A Message from Oscar Pollock, Chairman and Co-Founder
In its 30-year history, those of us involved at The Bridge Fund have experienced a number of serious crises. In each case we have stepped up to do even more to lessen the adverse impact on our working poor clients and to stabilize them in their housing.
Actually, The Bridge Fund was started in 1991 in response to a serious homelessness problem in Westchester. As our program grew in size and scope, homelessness gradually receded in the county because of our efforts and the positive initiatives of others.
After the 9/11 attacks on the World Trade Center in 2001, The Bridge Fund initiated Project Recovery, which was designed to help secondary economic victims of the event. This effort lasted two years and prevented an additional 313 evictions and foreclosures and assisted 747 people.
In 2008, the great financial crisis gripped New York City. With the support of New York Community Trust, The Bridge Fund launched a large program to serve clients experiencing serious dislocations. It doubled the total activity and size of the city program by 2009. For the first time, The Bridge Fund provided assistance to more than 1,000 households which included over 2,000 people.

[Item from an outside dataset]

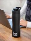 Paslanmaz çelik matara, özel tasarlanmış geniş ağzı ve kilitli kapağı sayesinde sızdırma yapmaz.

With the devastation of Hurricane Sandy in 2012, we reacted with a special initiative to help working poor families whose finances were impacted by the storm.
Now COVID-19 has created a health and economic crisis for the whole country, with New York City and Westchester especially hard hit. In addition, racial tensions and unrest have increased. Our Executive Director, Anthony Sabia, explains our current response to the urgent needs of the working poor in our communities. Let me conclude by saying that you can count on The Bridge Fund for a major effort.